▶ **Assignment**: Give back the exact lines of the material below from the one containing "PILK2C_F Trappe d'accès" through the one containing "Thomas cùng mẹ", and no pictures.

----

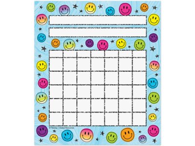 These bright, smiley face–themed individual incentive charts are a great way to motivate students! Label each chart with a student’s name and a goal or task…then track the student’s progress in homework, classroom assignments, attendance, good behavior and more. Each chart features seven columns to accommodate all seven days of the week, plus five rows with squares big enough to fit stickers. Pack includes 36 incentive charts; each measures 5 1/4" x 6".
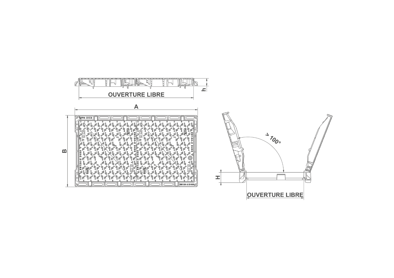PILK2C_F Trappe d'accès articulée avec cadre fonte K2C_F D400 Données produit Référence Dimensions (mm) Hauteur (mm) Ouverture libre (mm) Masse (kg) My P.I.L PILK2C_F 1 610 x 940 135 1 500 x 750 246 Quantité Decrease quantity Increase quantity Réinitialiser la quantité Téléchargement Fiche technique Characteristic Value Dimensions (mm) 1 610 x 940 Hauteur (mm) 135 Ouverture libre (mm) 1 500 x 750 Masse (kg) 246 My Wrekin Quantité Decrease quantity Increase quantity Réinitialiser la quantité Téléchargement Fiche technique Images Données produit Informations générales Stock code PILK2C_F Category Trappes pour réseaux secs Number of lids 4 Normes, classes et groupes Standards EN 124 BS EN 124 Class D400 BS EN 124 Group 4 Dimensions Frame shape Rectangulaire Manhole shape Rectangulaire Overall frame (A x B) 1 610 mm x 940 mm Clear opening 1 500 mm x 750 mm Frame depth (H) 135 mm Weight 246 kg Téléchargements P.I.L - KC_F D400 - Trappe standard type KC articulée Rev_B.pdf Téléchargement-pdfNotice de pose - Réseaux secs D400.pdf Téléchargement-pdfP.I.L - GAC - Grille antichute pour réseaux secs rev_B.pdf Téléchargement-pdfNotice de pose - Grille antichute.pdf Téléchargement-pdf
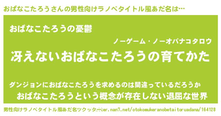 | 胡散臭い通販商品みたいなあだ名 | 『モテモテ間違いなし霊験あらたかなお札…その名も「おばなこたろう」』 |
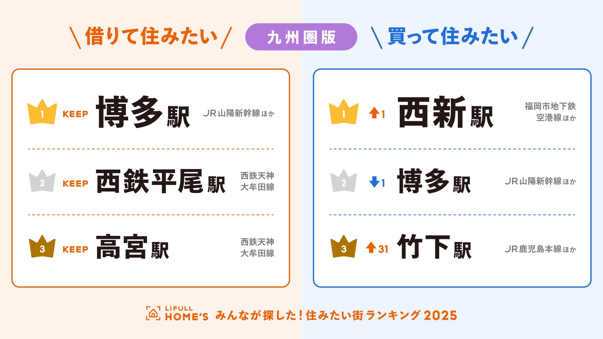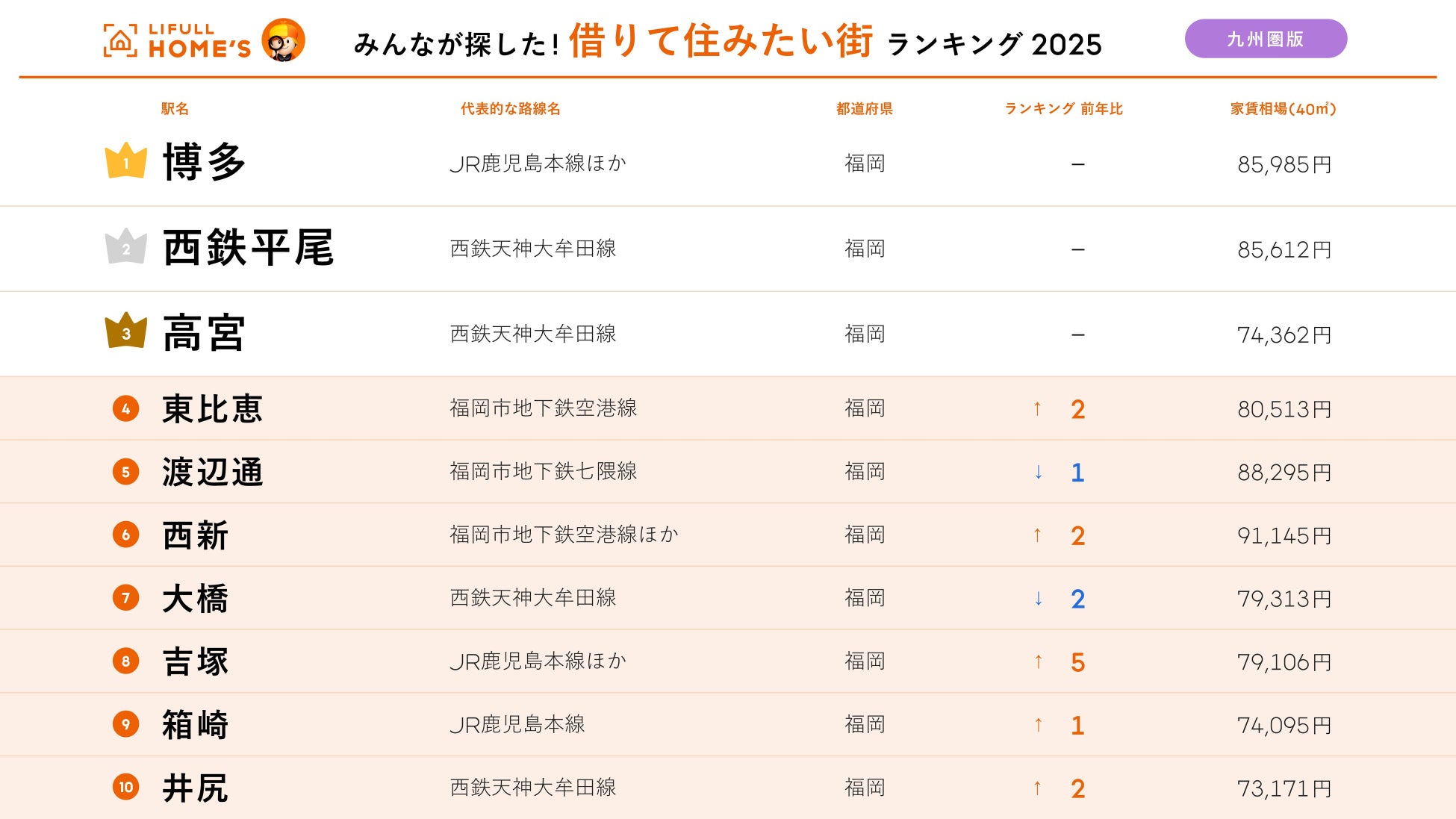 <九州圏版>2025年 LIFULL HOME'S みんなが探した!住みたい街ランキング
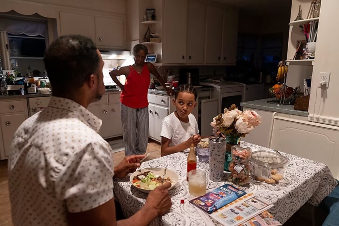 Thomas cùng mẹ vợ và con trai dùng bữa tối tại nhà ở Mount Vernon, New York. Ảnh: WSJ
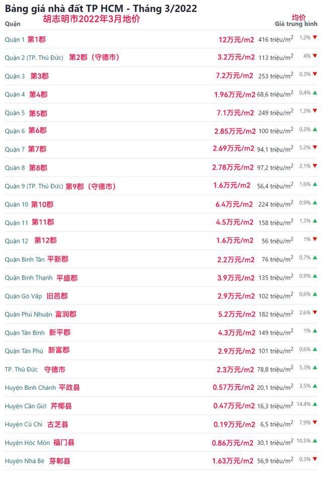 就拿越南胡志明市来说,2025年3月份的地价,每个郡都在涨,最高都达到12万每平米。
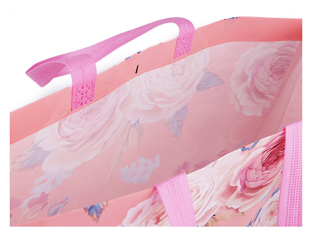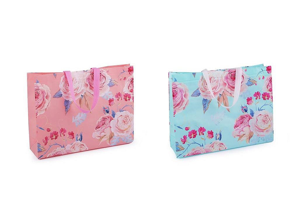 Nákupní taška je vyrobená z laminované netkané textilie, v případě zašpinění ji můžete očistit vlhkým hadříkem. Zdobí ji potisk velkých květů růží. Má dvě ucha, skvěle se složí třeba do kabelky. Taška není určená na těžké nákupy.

----

▶ **Answer for this exercise**:
PILK2C_F Trappe d'accès articulée avec cadre fonte K2C_F D400 Données produit Référence Dimensions (mm) Hauteur (mm) Ouverture libre (mm) Masse (kg) My P.I.L PILK2C_F 1 610 x 940 135 1 500 x 750 246 Quantité Decrease quantity Increase quantity Réinitialiser la quantité Téléchargement Fiche technique Characteristic Value Dimensions (mm) 1 610 x 940 Hauteur (mm) 135 Ouverture libre (mm) 1 500 x 750 Masse (kg) 246 My Wrekin Quantité Decrease quantity Increase quantity Réinitialiser la quantité Téléchargement Fiche technique Images Données produit Informations générales Stock code PILK2C_F Category Trappes pour réseaux secs Number of lids 4 Normes, classes et groupes Standards EN 124 BS EN 124 Class D400 BS EN 124 Group 4 Dimensions Frame shape Rectangulaire Manhole shape Rectangulaire Overall frame (A x B) 1 610 mm x 940 mm Clear opening 1 500 mm x 750 mm Frame depth (H) 135 mm Weight 246 kg Téléchargements P.I.L - KC_F D400 - Trappe standard type KC articulée Rev_B.pdf Téléchargement-pdfNotice de pose - Réseaux secs D400.pdf Téléchargement-pdfP.I.L - GAC - Grille antichute pour réseaux secs rev_B.pdf Téléchargement-pdfNotice de pose - Grille antichute.pdf Téléchargement-pdf
 | 胡散臭い通販商品みたいなあだ名 | 『モテモテ間違いなし霊験あらたかなお札…その名も「おばなこたろう」』 |
 <九州圏版>2025年 LIFULL HOME'S みんなが探した!住みたい街ランキング
 Thomas cùng mẹ vợ và con trai dùng bữa tối tại nhà ở Mount Vernon, New York. Ảnh: WSJ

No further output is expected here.